Так понимаемый дух обладает возможностью как кротости, так и разрушительности. Начало кротости ни в коем случае не ослабляет этого Вне-себя воспламеняющегося, но держит его собранно-сосредоточенным в покое дружественности. Разрушительное начало приходит из той распущенности, которая изводит себя своим собственным смятением и приводит в действие зло и коварство. Зло всегда есть зло духа (eines Geistes). Зло, грех и злоба — не чувственны, не материальны. В то же время их природа не вполне «духовна». Зло, грех духоносны (geistlich) в качестве ослепленно возгорающегося мятежа того, кто приходит в ужас, кому угрожает переход в несобранность беды, а собранно-сосредоточенное цветение кротости грозит быть спаленным. Однако где покоится сосредоточенность кроткого? Каковы его поводья? Какой дух держит их? Каким образом человеческое существо является и становится «духоносным»? В той мере, в какой сущность духа пребывает в возгоранье, он пробивает себе дорогу, освещает ее и выходит на путь. В качестве пламени дух есть атака, «добивающаяся невозможного» (букв.: «штурмующая небо».— Н.Б.) и «настигающая Бога» (187). Дух гонит душу в промежуточность дороги, где она пускается в предварительное странствие. Дух перемещает ее в Чужое. «Душа на Земле — чужестранна». Дух есть то, что одаривает душой. Дух — воодушевитель. Однако душа, в свою очередь, охраняет дух, и это столь существенно, что, вероятно, дух никогда не смог бы без души пребывать духом. Она «питает» дух. Каким образом? Не иначе как пламя своей сути душа отдает в лен духу. Это пламя и есть жар тоски, «кротость одинокой души» (55). Одиночество обособляет отнюдь не в то распыление, в которое сброшена каждая подлинная покинутость.

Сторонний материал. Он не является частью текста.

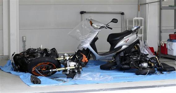 同署は報道陣にバイク3台を公開。大型バイクは大破、ミニバイクの1台は原形をとどめていなかった。

Одиночество приводит душу к Единственно-особенному, оно концентрирует душу в единство и таким образом выводит ее сущность в странствие. В качестве одинокой души она есть душа странствующая. Жар ее души востребован к тому, чтобы тяжесть судьбы — и таким образом душу навстречу духу — нести в странствие.
Одолжи свое пламя духу, о страстная тоска,—
так начинается стихотворение «К Люциферу», то есть к носителю света, отбрасывающему тень зла. Тоска души возгорается лишь там, где душа, отправляясь в странствие, входит в дальние дали своей собственной, то есть странствующей, сущности. Такое случается, когда она открывает взор навстречу лику Голубизны (Синевы) и созерцает идущий оттуда свет. Таким образом в качестве созерцающей душа является «великой душой».
О боль, ты — пламенное созерцанье великой души! «Гроза» (183)
Величие души измеряется тем, насколько она способна к тому пламенному созерцанью, благодаря которому она в боли обретает себе дом. Боли свойственна некая в себе противоюркая сущность. Боль увлекает своим «пыланьем». Это увлечение, этот порыв вводит странствующую душу в движение атаки, погони; чтобы, штурмуя небо, можно было настичь Бога. Кажется, что этот порыв хочет преодолеть то, куда он стремится; вместо того, чтобы дать ему господствовать в его потайном свеченье. Однако последнее достигается созерцанием, которое не гасит пламенный порыв, но несколько отклоняет к податливости наблюдающего приятия. Созерцание — это возвратный рывок в боль, благодаря которому она становится милосердной и вследствие этого сопроводительной и безутайно-господствующей. Дух есть пламя. Распаляясь, оно светит. Свечение совершается во взоре созерцания. Такому созерцанию сопутствует появление сияния, в котором пребывает всё бытийствующее. Это пламенное созерцание есть боль. Любой субъект, которому его восприятия и ощущения приносят боль, пребывает в самозамкнутой скрытности. Пылающее созерцание определяет величие души. Дух, созидающий «великую душу», является болью воодушевления. Но, значит, одаренная душа есть само Воскрешающе-оживляющее. Поэтому каждый, кто живет по-своему, управляем ведущей чертой своего существа — болью. Всё, что живет,— болезненно. Лишь то, что живет одушевленно, в состоянии исполнить свое сущностное предназначение. Сила этой способности дает возможность гармонии того попеременного Себя-несения, которым услушивается всё живущее. Соответственно этому соотношению пригодности, все, что живет,— пригодно, то есть хорошо. Но всякое хорошее, всякое благо — мучительно-болезненно хорошо. Всё одушевленное, в соответствии с основной чертой великой души, не только мучительно-болезненно хорошо, но и единственно благодаря этому правдиво; ибо сила противоюркости боли дает возможность живущему, вполне по-своему утаивающе-раскрывающему свое соприсутствие, быть правдивым, подлинным. Последняя строфа одного из стихотворений (26) начинается так:
Как мучительно хорошо и правдиво всё, что живет!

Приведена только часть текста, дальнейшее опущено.